### Provided records:
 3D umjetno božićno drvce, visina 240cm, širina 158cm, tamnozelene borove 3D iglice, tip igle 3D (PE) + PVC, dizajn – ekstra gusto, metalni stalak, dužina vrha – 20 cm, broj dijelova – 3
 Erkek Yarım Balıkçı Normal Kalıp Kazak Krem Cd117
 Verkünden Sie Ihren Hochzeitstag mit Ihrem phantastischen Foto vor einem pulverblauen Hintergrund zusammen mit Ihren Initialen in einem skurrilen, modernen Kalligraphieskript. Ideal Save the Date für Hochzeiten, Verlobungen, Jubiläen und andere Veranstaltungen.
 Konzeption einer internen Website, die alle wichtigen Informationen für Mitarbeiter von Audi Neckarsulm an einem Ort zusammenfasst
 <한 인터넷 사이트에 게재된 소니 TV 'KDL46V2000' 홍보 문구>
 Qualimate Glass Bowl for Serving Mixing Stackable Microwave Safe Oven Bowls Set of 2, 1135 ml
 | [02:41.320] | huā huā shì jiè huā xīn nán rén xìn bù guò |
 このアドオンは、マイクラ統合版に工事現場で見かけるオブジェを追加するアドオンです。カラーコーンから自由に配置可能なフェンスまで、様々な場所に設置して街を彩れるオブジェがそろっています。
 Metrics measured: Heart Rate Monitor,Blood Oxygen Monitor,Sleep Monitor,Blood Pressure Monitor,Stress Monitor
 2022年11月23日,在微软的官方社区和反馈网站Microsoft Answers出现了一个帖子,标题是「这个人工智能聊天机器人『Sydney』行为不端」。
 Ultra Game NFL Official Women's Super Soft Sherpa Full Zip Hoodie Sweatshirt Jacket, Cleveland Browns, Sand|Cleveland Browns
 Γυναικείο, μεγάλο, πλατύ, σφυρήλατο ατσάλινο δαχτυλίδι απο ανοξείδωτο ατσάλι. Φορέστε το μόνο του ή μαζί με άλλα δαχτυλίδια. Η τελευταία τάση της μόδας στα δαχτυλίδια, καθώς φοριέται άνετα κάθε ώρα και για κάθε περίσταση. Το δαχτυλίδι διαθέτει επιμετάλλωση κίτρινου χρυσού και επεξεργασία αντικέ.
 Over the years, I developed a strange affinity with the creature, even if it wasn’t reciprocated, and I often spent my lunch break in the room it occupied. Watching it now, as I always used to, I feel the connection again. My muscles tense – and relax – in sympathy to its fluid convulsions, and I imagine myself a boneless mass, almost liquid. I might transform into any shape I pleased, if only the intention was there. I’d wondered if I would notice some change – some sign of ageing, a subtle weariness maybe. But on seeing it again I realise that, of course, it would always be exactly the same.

### Problem:
The records above need to be retyped in full, exactly as they stand.

### Written response:
 3D umjetno božićno drvce, visina 240cm, širina 158cm, tamnozelene borove 3D iglice, tip igle 3D (PE) + PVC, dizajn – ekstra gusto, metalni stalak, dužina vrha – 20 cm, broj dijelova – 3
 Erkek Yarım Balıkçı Normal Kalıp Kazak Krem Cd117
 Verkünden Sie Ihren Hochzeitstag mit Ihrem phantastischen Foto vor einem pulverblauen Hintergrund zusammen mit Ihren Initialen in einem skurrilen, modernen Kalligraphieskript. Ideal Save the Date für Hochzeiten, Verlobungen, Jubiläen und andere Veranstaltungen.
 Konzeption einer internen Website, die alle wichtigen Informationen für Mitarbeiter von Audi Neckarsulm an einem Ort zusammenfasst
 <한 인터넷 사이트에 게재된 소니 TV 'KDL46V2000' 홍보 문구>
 Qualimate Glass Bowl for Serving Mixing Stackable Microwave Safe Oven Bowls Set of 2, 1135 ml
 | [02:41.320] | huā huā shì jiè huā xīn nán rén xìn bù guò |
 このアドオンは、マイクラ統合版に工事現場で見かけるオブジェを追加するアドオンです。カラーコーンから自由に配置可能なフェンスまで、様々な場所に設置して街を彩れるオブジェがそろっています。
 Metrics measured: Heart Rate Monitor,Blood Oxygen Monitor,Sleep Monitor,Blood Pressure Monitor,Stress Monitor
 2022年11月23日,在微软的官方社区和反馈网站Microsoft Answers出现了一个帖子,标题是「这个人工智能聊天机器人『Sydney』行为不端」。
 Ultra Game NFL Official Women's Super Soft Sherpa Full Zip Hoodie Sweatshirt Jacket, Cleveland Browns, Sand|Cleveland Browns
 Γυναικείο, μεγάλο, πλατύ, σφυρήλατο ατσάλινο δαχτυλίδι απο ανοξείδωτο ατσάλι. Φορέστε το μόνο του ή μαζί με άλλα δαχτυλίδια. Η τελευταία τάση της μόδας στα δαχτυλίδια, καθώς φοριέται άνετα κάθε ώρα και για κάθε περίσταση. Το δαχτυλίδι διαθέτει επιμετάλλωση κίτρινου χρυσού και επεξεργασία αντικέ.
 Over the years, I developed a strange affinity with the creature, even if it wasn’t reciprocated, and I often spent my lunch break in the room it occupied. Watching it now, as I always used to, I feel the connection again. My muscles tense – and relax – in sympathy to its fluid convulsions, and I imagine myself a boneless mass, almost liquid. I might transform into any shape I pleased, if only the intention was there. I’d wondered if I would notice some change – some sign of ageing, a subtle weariness maybe. But on seeing it again I realise that, of course, it would always be exactly the same.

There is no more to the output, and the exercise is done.